Today is an anniversary. While I have some reservations about aspects of its official commemoration, I am impressed by the insistence of some survivors that it be seen as a marking of atrocity everywhere.
My opinions as an outsider are, however, for today at least, beside the point. I shall, therefore, mark the day by recommending a book which I read (by serendipitous chance) today: Extremely loud and incredibly close, by Jonathan Safran Foer.
The protagonist is a nine year old boy, Oskar Schell. Oskar's father died in the WTC on 11th September and, in the months running up to the second anniversary, Oskar struggles to deal with the complex emotions which distort his young life.
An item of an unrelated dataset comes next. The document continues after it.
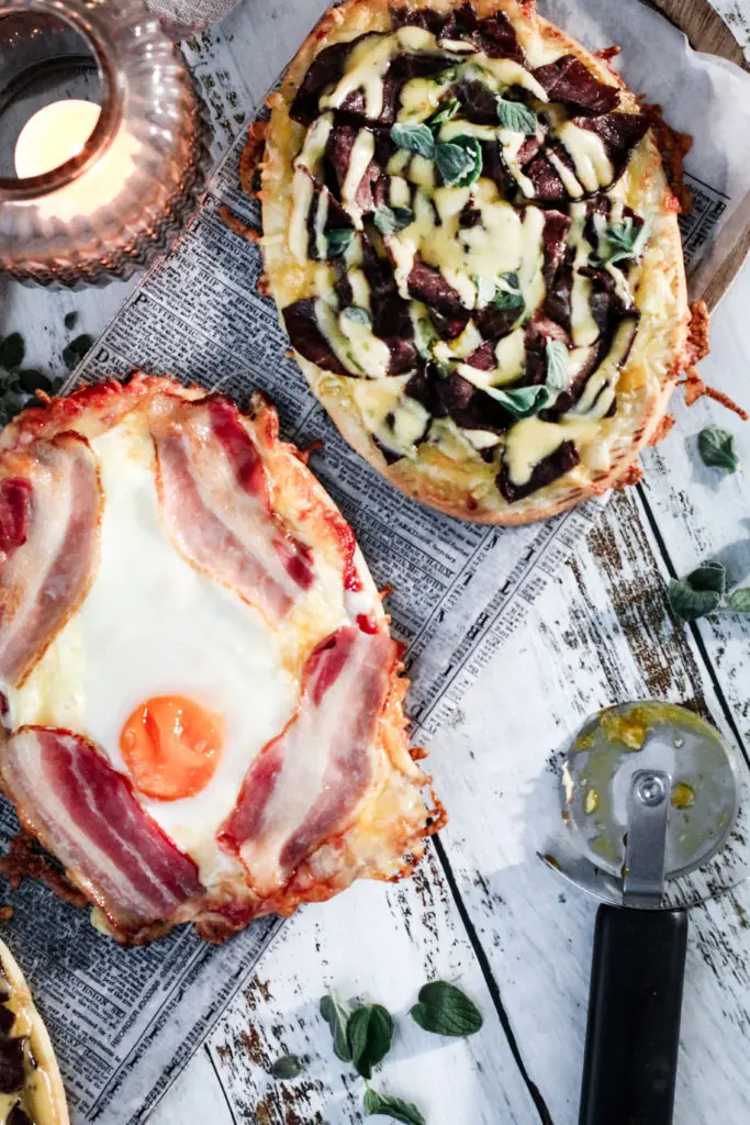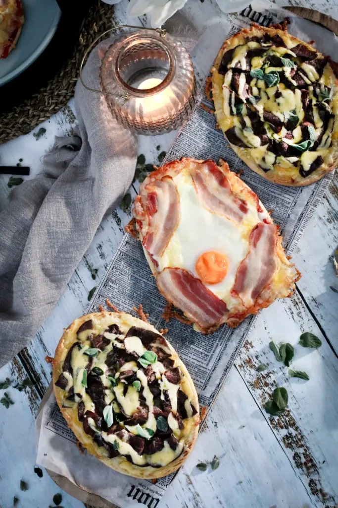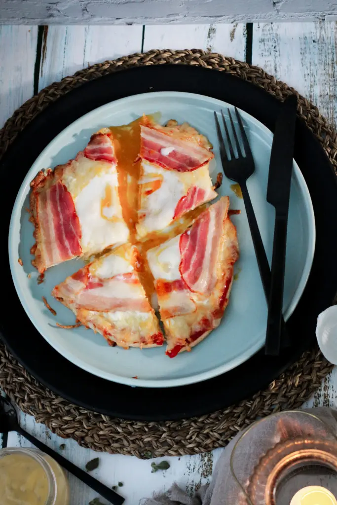 - Raðið svo beikonsneiðum í kringum eggið ofan á mozzarella ostinn

As he crisscrosses New York, obsessively compiles scrapbooks or searches the word wide web, and writes to physicist Steven Hawking in search of meaning, he is surrounded by warmth, love and kindness from family and strangers alike. We also discover (though he does not) that his grandparents were survivors of the Dresden firebombing, that their own parents were not, and that their child (Oskar's father) was a survivor of their emotional devastation.
Extremely loud and incredibly close is a hymn to the human spirit, and a condemnation of human violence, whenever and wherever either may be found.
[Post script, Thu 14 Sept '06: since posting this I have discovered Jim Putnam's 11th Sept post which, opening with exactly the same four words, addresses the anniversary more directly.]
- Foer, J.S., Extremely loud & incredibly close. 2006, London: Penguin. (Original publication 2005, Boston: Houghton Mifflin.)